How Bartenders Can Help Build a Better Drinking Culture

"Guilty Pleasure" seminar panelists Zoe Cormier, Iain Griffiths (Trash Tiki), Jeffrey Kluger (TIME) and Claire Smith-Warner (Belvedere).
The "Guilty Pleasure" panelists discussed the bartender's role in shaping a more productive and healthy drinking culture. From left to right: author Zoe Cormier, Iain Griffiths (Trash Tiki), Jeffrey Kluger (TIME) and Claire Smith-Warner (Belvedere). (Photo: Jennifer Mitchell Photography)

You can call it preaching to the choir, but the panelists on the Guilty Pleasure seminar at Tales on Tour Edinburgh had a few positive things to say about alcohol.

According to Zoe Cormier, whose book "Sex, Drugs & Rock n’ Roll: The Science of Hedonism" examined the reasons behind the human desire to become intoxicated, our base pursuits need not be denigrated: they are, she said, integral to what it means to be human.
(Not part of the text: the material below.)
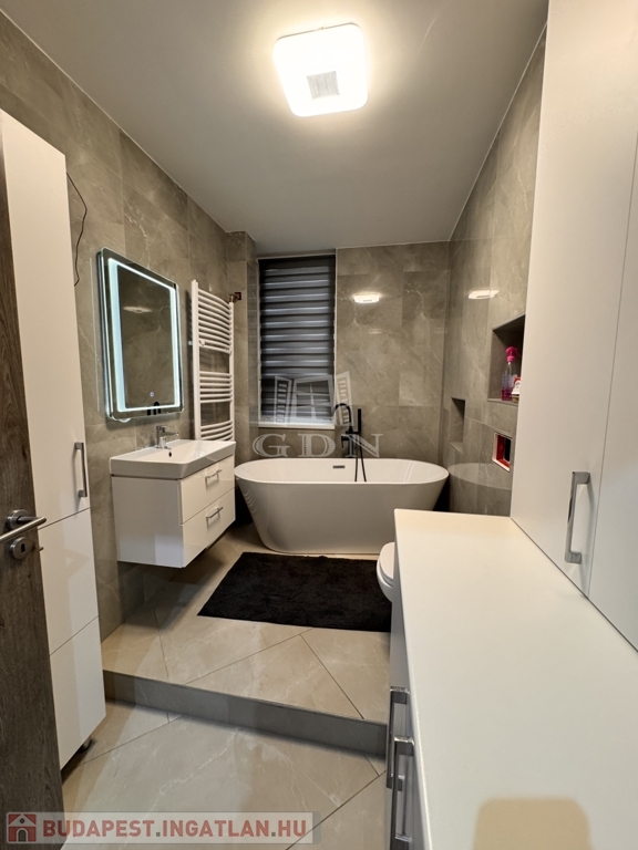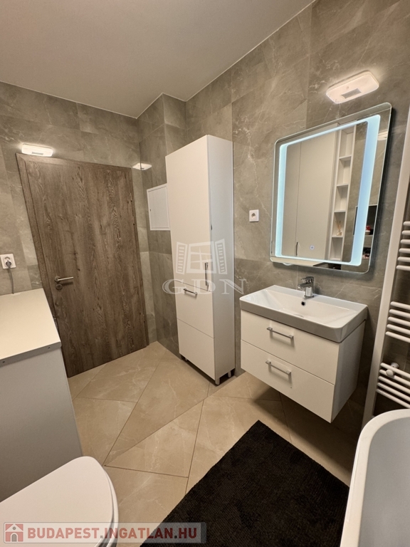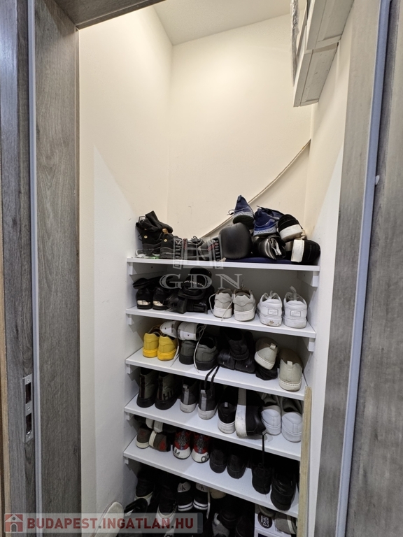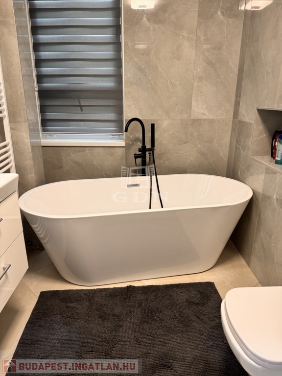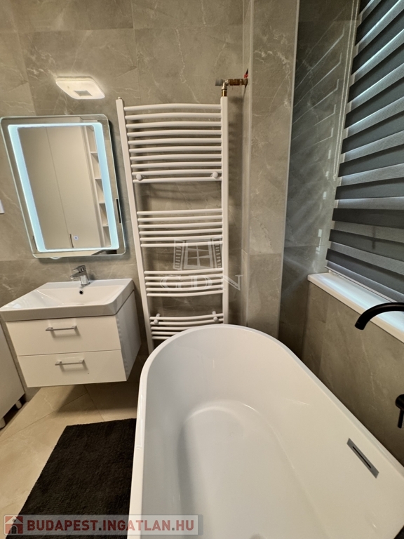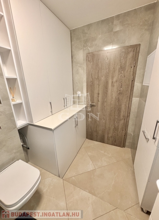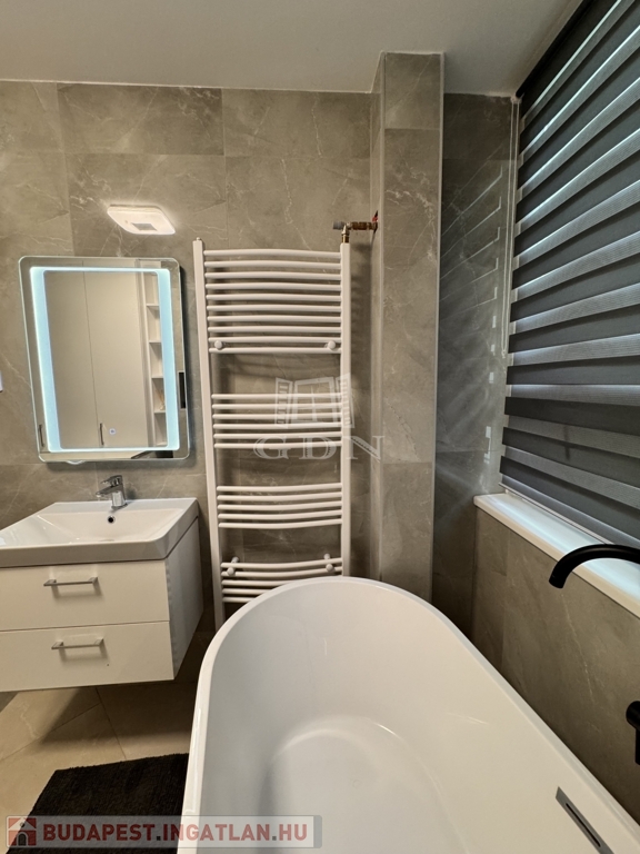 A korábbi konyha helyén egy teljes értékű, modern fürdőszoba kapott helyet, emellett két külön tárolóhelyiség is rendelkezésre áll, ami ritka és rendkívül praktikus.

Jeffrey Kluger, TIME’s editor-at-large, said that “it’s undeniable that humanity would be poorer without our discovery of alcohol.” Panel host Claire Smith-Warner from Belvedere was even bolder in her enthusiasm, suggesting that the social interaction facilitated by alcohol consumption saves lives.
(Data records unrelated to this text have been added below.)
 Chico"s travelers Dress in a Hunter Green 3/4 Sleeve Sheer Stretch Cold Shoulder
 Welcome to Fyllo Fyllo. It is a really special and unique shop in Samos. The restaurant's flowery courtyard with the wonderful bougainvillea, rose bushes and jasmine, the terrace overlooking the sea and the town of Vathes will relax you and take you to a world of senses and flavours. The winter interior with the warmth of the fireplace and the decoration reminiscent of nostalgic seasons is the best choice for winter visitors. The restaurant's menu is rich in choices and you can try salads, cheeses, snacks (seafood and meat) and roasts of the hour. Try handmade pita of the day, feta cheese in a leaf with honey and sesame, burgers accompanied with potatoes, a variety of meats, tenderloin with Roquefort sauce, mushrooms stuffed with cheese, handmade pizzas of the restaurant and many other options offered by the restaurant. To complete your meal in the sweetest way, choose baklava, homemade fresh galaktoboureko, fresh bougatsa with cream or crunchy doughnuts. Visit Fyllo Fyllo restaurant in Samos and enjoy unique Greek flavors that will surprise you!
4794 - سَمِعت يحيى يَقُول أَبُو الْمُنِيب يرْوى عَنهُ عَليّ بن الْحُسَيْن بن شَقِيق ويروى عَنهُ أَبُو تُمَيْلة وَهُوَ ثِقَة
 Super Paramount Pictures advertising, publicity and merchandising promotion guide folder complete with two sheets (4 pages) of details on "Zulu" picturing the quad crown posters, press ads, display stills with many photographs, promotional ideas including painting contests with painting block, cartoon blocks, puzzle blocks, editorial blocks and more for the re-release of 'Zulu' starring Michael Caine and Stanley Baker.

That, however, is not to say that we cannot all be drinking better.

“Without a shadow of a doubt,” said Cormier, “my life is richer and more interesting for having had alcohol in it; however, that being said, we need to be aware of the dangers and how the industry handles these dangers. This was a point taken up by Iain Griffiths, of Trash Tiki and Dandelyan, who said that one of his passions is driving this industry toward professionalism, and that we need to “acknowledge alcohol as the drug that it is, but do some good with it.”
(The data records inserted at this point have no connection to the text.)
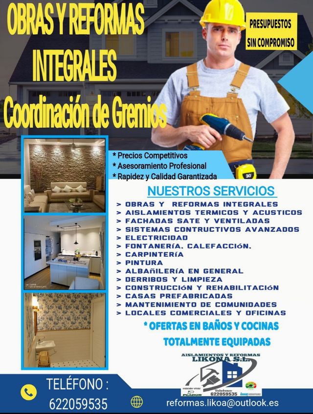 Empresa de Reforma integral , especialistas en aislamientos termicos y acusticos, albañilería en general y coordinación de gremios .
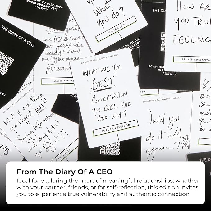 - Crafted into 3 Curated Levels of Connection — The Diary of a CEO Conversation Cards 2nd Edition includes 52 brand-new scenario cards divided into three levels. Level 1 “Warm Up” breaks the ice, Level 2 “Open Up” deepens emotional sharing, and Level 3 “The Deep End” inspires vulnerability. Great as couple connect games or family conversation cards, they guide you toward meaningful conversations and authentic connection.
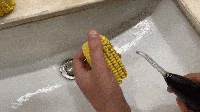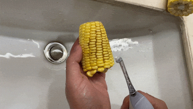 为此,我们准备了三根玉米,打湿表面后涂抹上孜然粉,然后再利用三款冲牙器分别进行冲刷测试。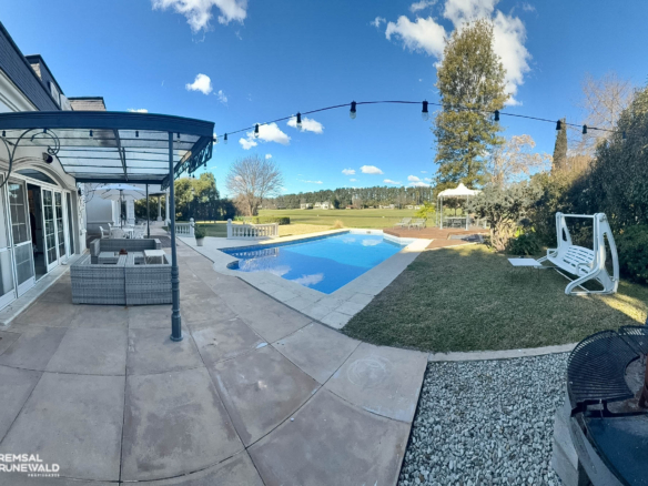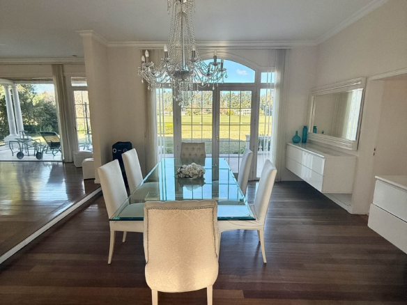 Esta propiedad de dos plantas se encuentra ubicada en una de las zonas más exclusivas del Country, justo frente al Polo, y se destaca por su diseño arquitectónico de estilo francés.

But how can bartenders work toward that? “For me,” Smith-Warner told us, “it’s about responsible drinking in action.” We caught up with her to find out more.

Tell us about taking a more balanced approach to drinking alcohol.

I think that very often our industry dismisses responsible drinking guidelines because we are professionals and we consume alcohol, therefore those guidelines are not meant for us. But we still need to acknowledge the impact that alcohol can have and be more mindful of that and also really think about interesting ways to help the consumer drink responsibly. Moderation shouldn’t be a boring dictat.

How do you do that?

We can actually have a bit of fun; through low alcohol cocktails, through not using sugar in an irresponsible way, by making sure our cocktails are balanced and by using the freshest ingredients.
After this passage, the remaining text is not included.